Выбрать главу

Когда–то аристократия оставляла вопросы управления(экономика) своим вольноотпущенникам и мажордомам. Их интересовала в основном культивация тех высших «аристократических» форм интереса, жизни, действия и достоинства, которые и составляли сущность прав и функций их касты. Если кто–то подходил для управления и имел желание управлять, он мог заниматься этой деятельностью: но обслуживать «экономику» тем или иным образом могло заинтересовать их только в очень малой степени ввиду того, что подчинение и обязательство верности человека не из управляющего класса аристократу или государю всегда оставалось справедливым. Но сегодня дела обстоят совсем иначе. Плутократы, занявшие место аристократов, управленцы и дельцы, владеющие золотом, воображают себя «вождями» и не признают никого, кому они были бы должны подчиняться: до тех пор, пока случайность, присущая всякой материальной силе, предоставленной самой себе, и лишённая всяких принципов, не сметёт их и не поставит других (если не просто анонимов — анонимность массы) на их место.

В этих пределах и нужно оценивать опасность «империализма», как и опасность международной семитской или масонской финансовой олигархии. Такая опасность существует, и она реальна для того, кто терпит и допускает снижение всякого критерия и всякой идеи власти до уровня чистой экономики. Напротив, индивидуум или народ, находящийся хотя бы немного выше этого уровня и твёрдо укоренившийся там, где вещи больше не нужно «покупать» или «продавать», может с удивлением спросить, над чем могут вознамериться господствовать такие «империалисты».

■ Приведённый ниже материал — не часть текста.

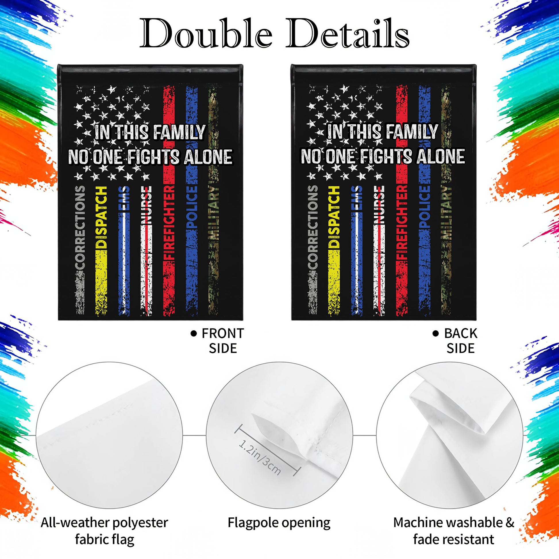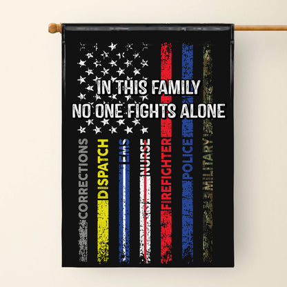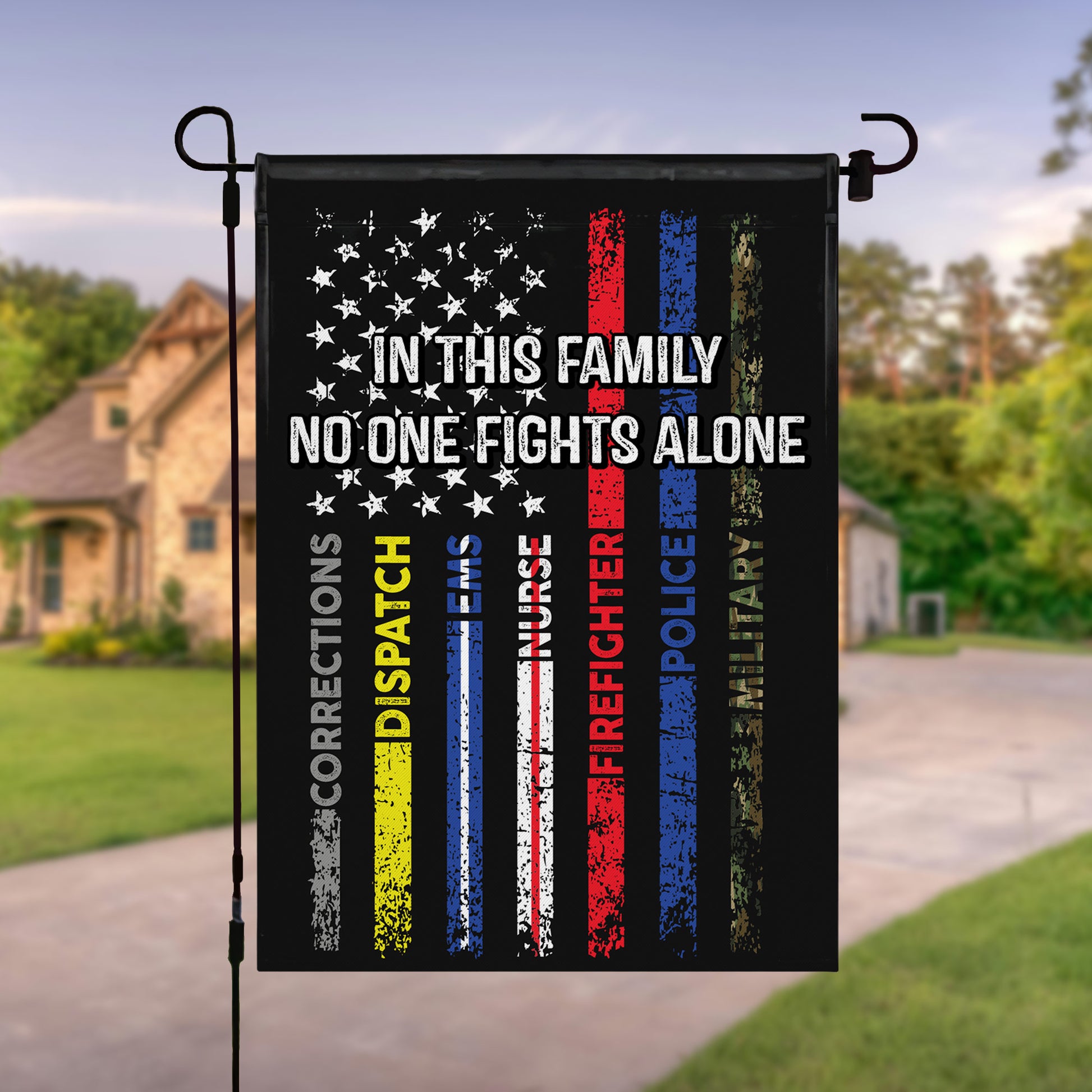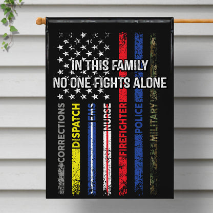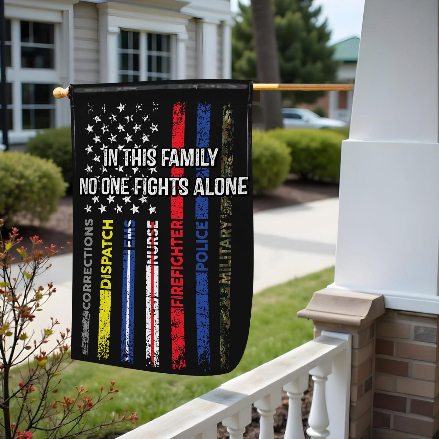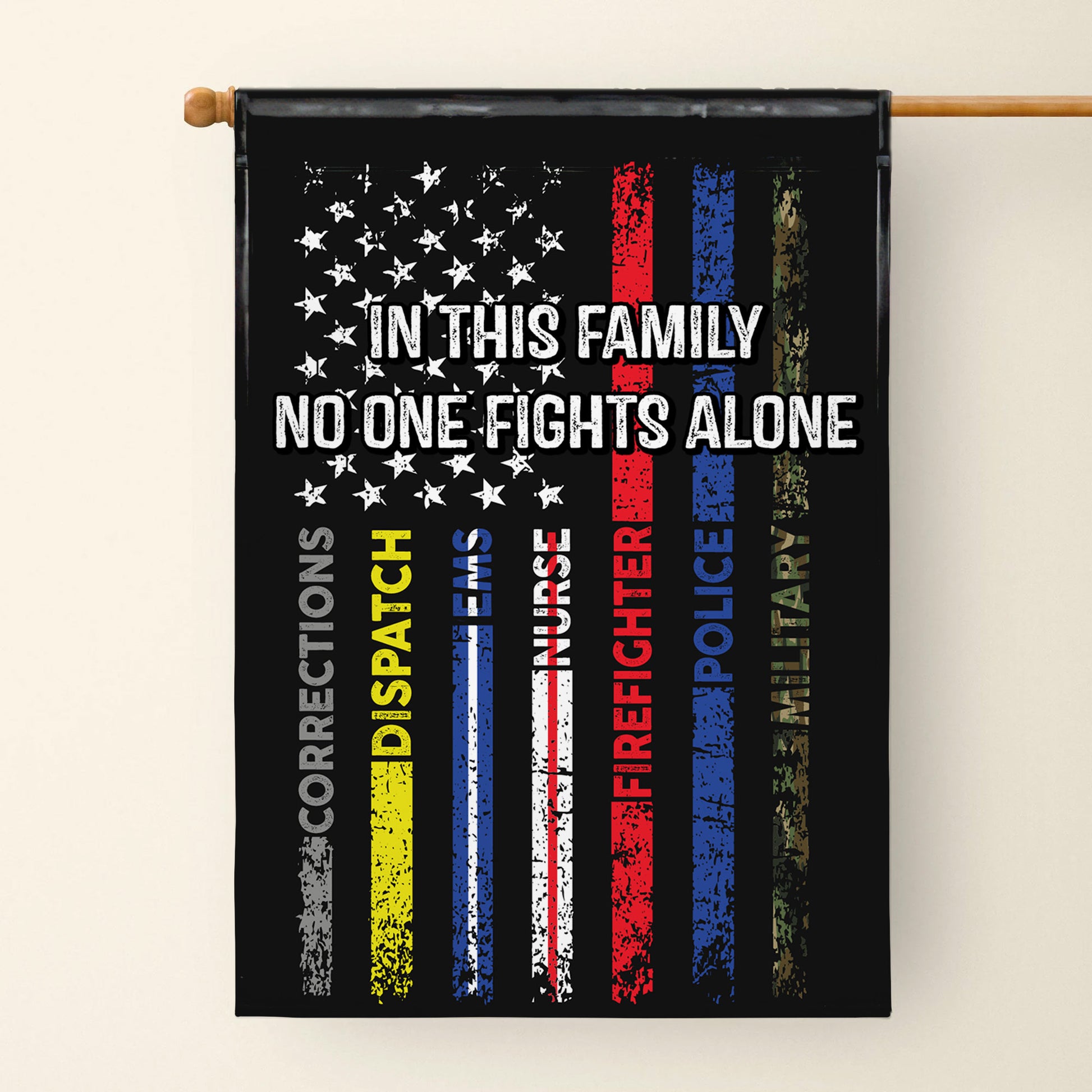 In This Family No One Fights Alone Flag, Gift for Military and First Responder Families

Рассмотрение этих отрицательных аспектов даёт нам истинные и реальные условия империи. Народ пробуждается для империи, когда он способен выйти за пределы самого себя, когда он идёт, как идёт герой, который не был бы таковым, если бы в своём порыве не победил инстинкт, связывающий его мелкой животной любовью к своей частной жизни. Поэтому национализм (в статическом и исключительном смысле) и империализм — это два исключающих друг друга термина. Имперский народ становится далёким как от собственных частностей, таки от тех, что отмечают другие народы: он противопоставляет нечастное частному (одну нацию другой, одно право другому, итак далее), а универсальное частному.

Частное (партикулярное) имеет субъективистский, сентиментальный, «идеалистичный» или также утилитарный характер. Универсальное же очищено от всех этих элементов и может быть переведено в термины чистой объективности.

Если индивиду, культуре или расе удалось в своём развитии понять точку зрения реальности и возжелать её в любом другом, — то это означает решающий этап, только после наступления которого можно говорить, что дух познал истинную мужественность. Если расу ведут чувства, гордость, ценности, алчность, ненависть, — в общем, всё то, что является «человеческим» элементом в узком, индивидуальном или коллективном смысле, то она обязательно будет существовать в чистой случайности, свойственной любой вещи, у которой нет никакого начала в себе самой. Но если, по крайней мере среди элиты вождей, удастся освободить от всего этого два основных элемента жизни — знание и действие, тогда она становится способна к миссии, о которой уже можно говорить как о высшей по отношению к практическому и политическому миру.

Универсальность как знание и универсальность как действие: вот две основы всякой имперской эпохи.

Знание универсально, когда оно может дать нам такой смысл вещей, перед чьими величием и вечностью исчезает весь человеческий пафос и человеческие устремления: когда оно вводит нас в первоначальное, в космическое, в то, у чего в области духа есть черты чистоты и силы океанов, пустынь, ледников. Всякая истинная универсальная традиция несёт в себе это дуновение широкого, оживляя с ним бескорыстные формы деятельности, пробуждая чувствительность к ценностям, которые невозможно измерить каким–либо критерием полезности и страстности, индивидуальным или коллективным: внедряя «жизнь», которая «больше, чем жизнь». Это тот тип невидимой империи, который история демонстрирует нам на примерах брахманической Индии, католического Средневековья, того же эллинизма: единая культура, господствующая внутри, в многообразии, также независимом от народов или городов, от всякой «политически» и экономически обусловленной реальности.